Na razie mimo tego oszusywa jest ok bo mimo że wątki główne miały 1-2 punkty więcej da się to przechodzić.
Kiedy są napisy końcowe? Ukończyłem cały wątek fabularny i nic :)
Gdzie znajde cały set gladiatora?
Mam pytanie dotyczące osiągnięcia "Sługa Hermesa", które otrzymuje się za odkrycie wszystkich regionów Grecji. Rozumiem, że wystarczy postawić nogę w każdy regionie w taki sposób, że już żaden fragment lądu nie będzie szary. Czy jeśli jakaś mała wysepka przy większej lub przy jakimś lądzie też zrobi się kolorowa, to będzie oznaczało, że tam nie muszę specjalnie wylądować? Bo jeśli jakaś będzie szara czyli nieodkryta, to rozumiem, że muszę się tam pojawić.Na Łowcach trofeów tak dziwnie to napisali, że tak jakby muszę pojawić się na każdej wyspie. No, ale na pewno muszę się pojawić na każdej maleńkiej wysepce? Nie wystarczy, że wraz z jakimś regionem ona przestanie być szara, czyli już odkryta?
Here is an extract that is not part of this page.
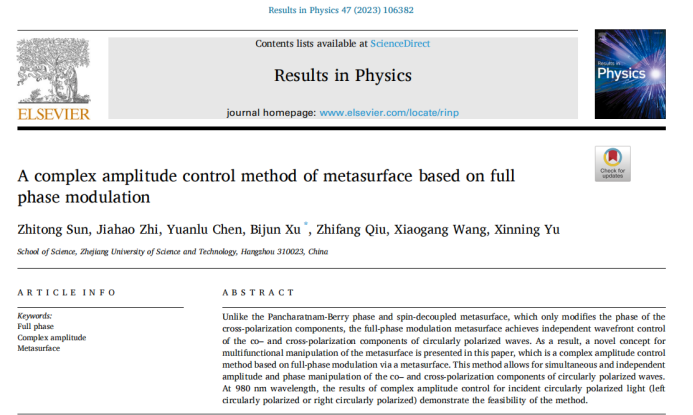 光子与光场调控及应用研究团队中2020级研究生孙志通以第一作者身份在《Results in physics》 期刊上发表了题为“A complex amplitude control method of metasurface based on full phase modulation”的创新研究文章。浙江科技BBIN

I drugie pytanie: A co z wodą? Każda skrawek mórz musi być odkryty tak, żeby nie było widać tej starej mapy z rysunkami? Czy tylko liczą się lądy?
Powyżej 10 godzin wychodzi kolejna wada. Trzeba grindowac.
Mam 28 poziom i jeszcze nie miałem sytuacji żebym nie mógł ruszyć głównej fabuły z powodu braku poziomu, więc nie sądze żeby się to później nagle zmieniło. A zadań z tablic zrobiłem może 4.